◆ Listed entries ◆
((

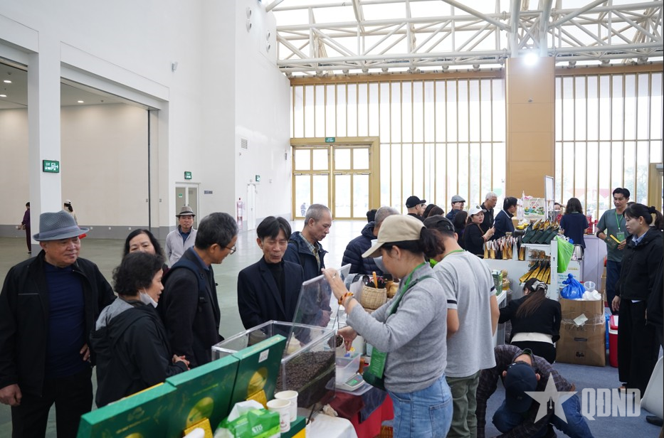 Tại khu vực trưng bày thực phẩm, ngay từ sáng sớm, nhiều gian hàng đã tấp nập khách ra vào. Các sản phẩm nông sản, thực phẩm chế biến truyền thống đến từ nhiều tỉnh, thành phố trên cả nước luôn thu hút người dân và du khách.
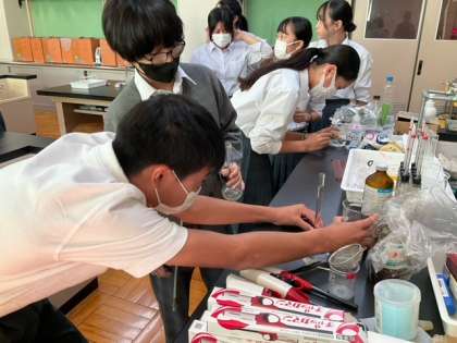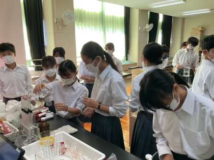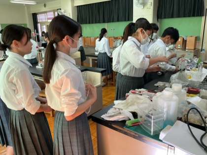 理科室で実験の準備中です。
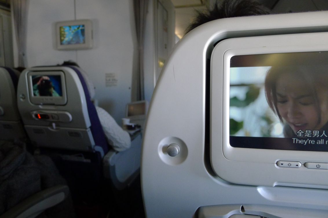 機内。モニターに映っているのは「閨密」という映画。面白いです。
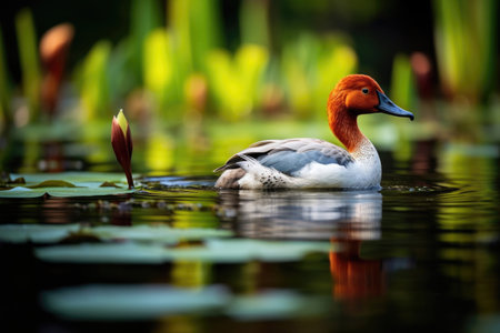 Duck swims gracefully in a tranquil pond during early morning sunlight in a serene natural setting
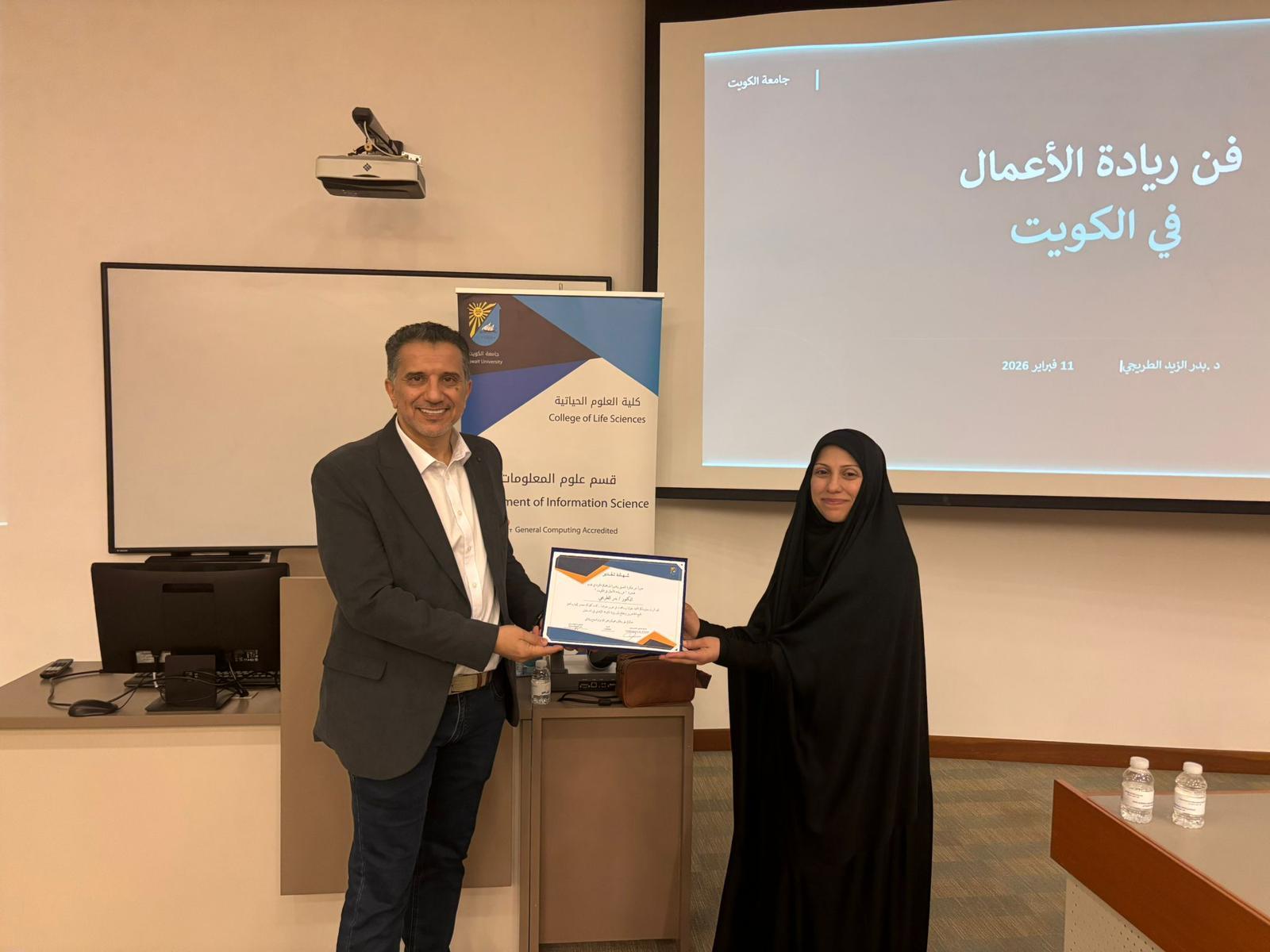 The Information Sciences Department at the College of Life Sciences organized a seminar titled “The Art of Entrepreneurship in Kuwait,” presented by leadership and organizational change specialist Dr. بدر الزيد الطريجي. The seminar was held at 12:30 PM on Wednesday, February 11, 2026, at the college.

))
((

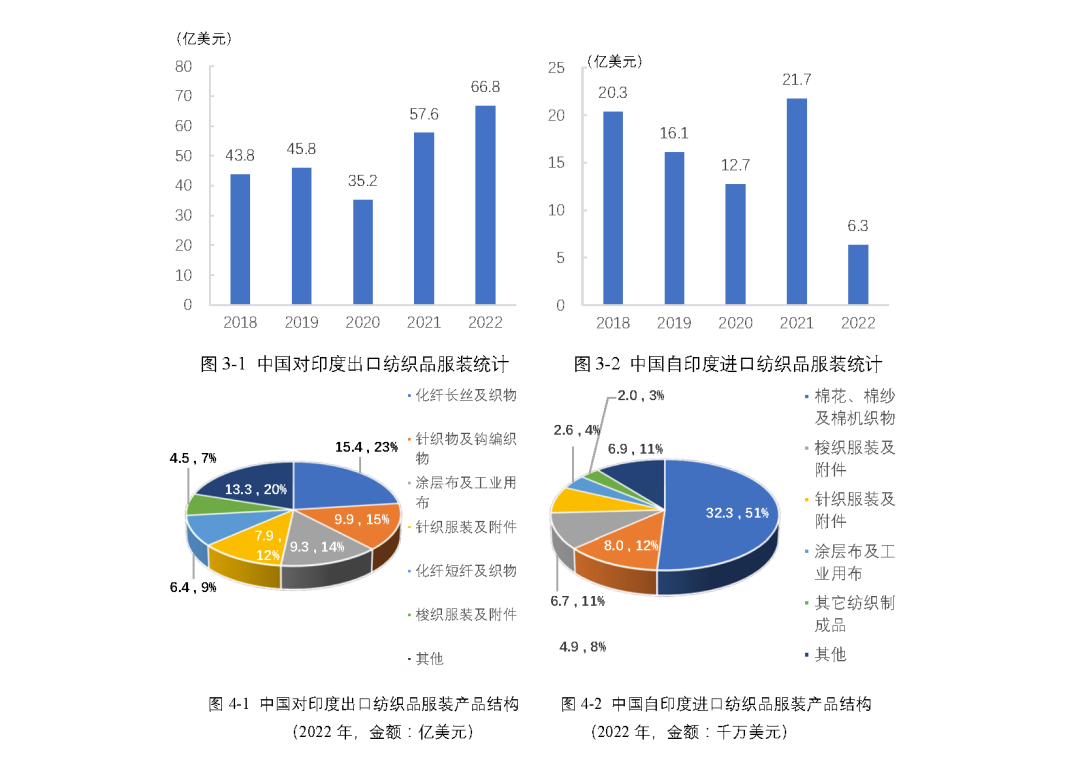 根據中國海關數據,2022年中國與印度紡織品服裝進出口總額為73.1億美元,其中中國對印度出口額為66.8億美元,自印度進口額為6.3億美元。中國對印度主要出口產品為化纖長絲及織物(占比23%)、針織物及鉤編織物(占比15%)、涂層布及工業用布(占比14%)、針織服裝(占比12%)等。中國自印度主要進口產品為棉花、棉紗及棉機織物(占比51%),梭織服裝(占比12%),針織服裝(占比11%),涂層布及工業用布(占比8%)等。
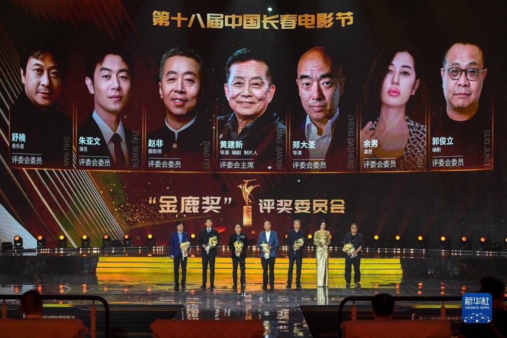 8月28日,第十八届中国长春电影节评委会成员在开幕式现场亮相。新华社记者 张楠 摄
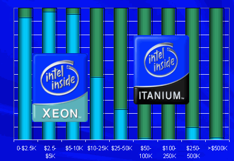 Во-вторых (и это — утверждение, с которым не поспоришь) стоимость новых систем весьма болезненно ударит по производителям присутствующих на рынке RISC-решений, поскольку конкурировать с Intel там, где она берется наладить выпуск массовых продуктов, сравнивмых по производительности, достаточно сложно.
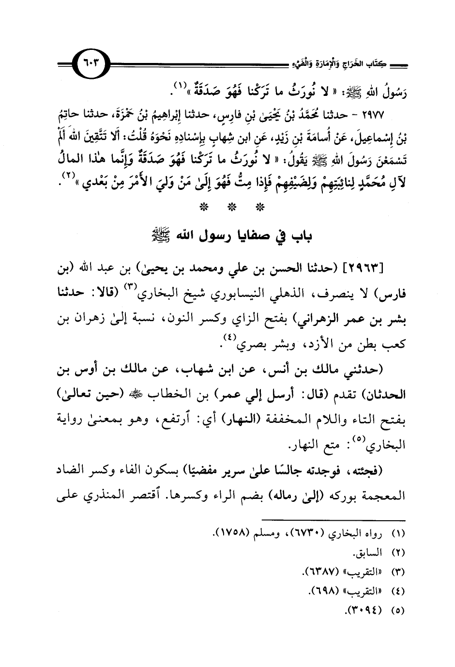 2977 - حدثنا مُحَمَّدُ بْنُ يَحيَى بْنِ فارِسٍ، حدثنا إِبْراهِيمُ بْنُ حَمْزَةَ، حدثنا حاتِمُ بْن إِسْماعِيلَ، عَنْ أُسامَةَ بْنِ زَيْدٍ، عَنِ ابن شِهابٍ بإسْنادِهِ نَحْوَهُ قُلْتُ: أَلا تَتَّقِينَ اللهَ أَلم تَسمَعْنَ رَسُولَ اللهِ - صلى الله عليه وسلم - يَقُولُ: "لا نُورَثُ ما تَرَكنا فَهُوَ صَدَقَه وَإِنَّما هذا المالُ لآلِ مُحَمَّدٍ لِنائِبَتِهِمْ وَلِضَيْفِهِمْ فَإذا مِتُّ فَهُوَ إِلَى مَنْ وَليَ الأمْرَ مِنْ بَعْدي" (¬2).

))
((

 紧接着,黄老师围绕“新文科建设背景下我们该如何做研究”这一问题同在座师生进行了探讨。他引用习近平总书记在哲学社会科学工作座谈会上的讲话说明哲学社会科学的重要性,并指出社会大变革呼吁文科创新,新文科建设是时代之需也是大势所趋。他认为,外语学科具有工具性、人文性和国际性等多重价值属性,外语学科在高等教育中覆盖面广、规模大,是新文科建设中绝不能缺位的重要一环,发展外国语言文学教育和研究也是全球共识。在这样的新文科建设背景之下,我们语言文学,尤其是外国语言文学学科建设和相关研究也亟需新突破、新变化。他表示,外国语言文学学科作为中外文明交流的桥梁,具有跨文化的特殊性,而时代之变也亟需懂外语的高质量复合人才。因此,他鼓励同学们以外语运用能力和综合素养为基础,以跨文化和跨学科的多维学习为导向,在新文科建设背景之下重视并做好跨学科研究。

))

◆ Work to complete ◆
Quote the data above exactly from the line with "Tại khu vực" to the line with "Duck swims gracefully", both ends counted, and nothing else. Pictures don't go in.

◆ Finished exercise ◆
 Tại khu vực trưng bày thực phẩm, ngay từ sáng sớm, nhiều gian hàng đã tấp nập khách ra vào. Các sản phẩm nông sản, thực phẩm chế biến truyền thống đến từ nhiều tỉnh, thành phố trên cả nước luôn thu hút người dân và du khách.
 理科室で実験の準備中です。
 機内。モニターに映っているのは「閨密」という映画。面白いです。
 Duck swims gracefully in a tranquil pond during early morning sunlight in a serene natural setting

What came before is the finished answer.